O resultado provável: congelamento ou retrocesso nas negociações, afetando especialmente: soja; carnes; biocombustíveis; produtos florestais.
4.3. Alinhamento negativo nas COPs e fóruns climáticos
A postura legislativa pós-COP 30 transmite ao mundo: incoerência climática; ruptura entre discurso e prática; retrocesso em governança ambiental.
O Brasil arrisca perder protagonismo em: financiamento climático; fundos de restauração florestal; parcerias de transição energética justa.
5. Impactos diretos para a Amazônia e para a população tradicional
5.1. Expansão do desmatamento e queimadas
O novo marco:
flexibiliza a abertura de rodovias e empreendimentos em áreas sensíveis; reduz mitigação e condicionantes ambientais; aumenta o risco de grilagem, avanço agropecuário e conflitos fundiários.
5.2. Violação de direitos territoriais
A supressão de salvaguardas atinge: povos indígenas; quilombolas; ribeirinhos; pescadores artesanais.
A insegurança territorial e o atropelamento de consultas prévias (Convenção 169 da OIT) tendem a se intensificar.
5.3. Saúde pública e poluição
A liberação de empreendimentos autodeclaratórios coloca em risco: cursos d’água; abastecimento urbano; qualidade do ar; áreas de pesca artesanal (quase 2 milhões de brasileiros dependem dessa atividade).
6. O tiro no pé do Agronegócio: riscos competitivos e comerciais
6.1. Perda de mercados de alto valor agregado
Diversos mercados premium (UE, Reino Unido, Japão, EUA) exigem: deforestation-free supply chains; rastreabilidade; comprovação de licenciamento robusto.
A flexibilização cria suspeição sistêmica sobre toda a produção brasileira, mesmo a legal.

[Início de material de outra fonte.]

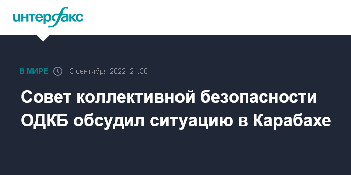 Москва. 13 сентября. INTERFAX.RU - Совет коллективной безопасности ОДКБ на внеочередном заседании в режиме видеоконференции обсудил обстановку на армяно-азербайджанской границе, - сообщила пресс-служба правительства Армении.

6.2. Piora do risco-país ambiental
O rebaixamento pode afetar: linhas de financiamento verde (Green Bonds); investimentos privados externos; seguros agrícolas.
6.3. Pressão internacional contra commodities brasileiras
É provável: aumento de barreiras não tarifárias ambientais; auditorias internacionais obrigatórias; bloqueio de lotes inteiros, penalizando produtores regulares.
6.4. Reputação e ESG — o novo calcanhar de Aquiles
Agroindústrias dependem cada vez mais de: certificações; due diligence de cadeias; verificação independente.
Uma legislação permissiva invalida certificados e afeta diretamente exportadores, cooperativas e embarcadores.
7. Consequências geopolíticas internas e externas
7.1. Divórcio entre Congresso e Governo Federal
A sessão semipresencial e esvaziada, marcada mais por assessores que por parlamentares, reforça: protagonismo do Legislativo; isolamento do Executivo; erosão da coordenação institucional.
7.2. Reação de parceiros internacionais
É previsível: endurecimento de cláusulas ambientais nos acordos comerciais; vigilância ampliada sobre petróleo, portos, hidrovias e mineração na Amazônia; questionamentos diplomáticos sobre violações de direitos indígenas.
8. — Um retrocesso que amplia riscos e compromete o futuro econômico do país
O “PL da Devastação” não acelera o desenvolvimento — ele:
aumenta o risco estrutural para empreendimentos sérios; prejudica o agronegócio competitivo e legal; compromete compromissos internacionais; desorganiza o sistema de licenciamento; agrava vulnerabilidades de comunidades tradicionais e populações da Amazônia; mancha a credibilidade climática do Brasil.
A flexibilização ampla e mal calibrada se transforma, portanto, em um passivo econômico, ambiental, diplomático e reputacional de grandes proporções.
“O mundo já não compra irresponsabilidade. O Brasil não pode se dar ao luxo de vender devastação.”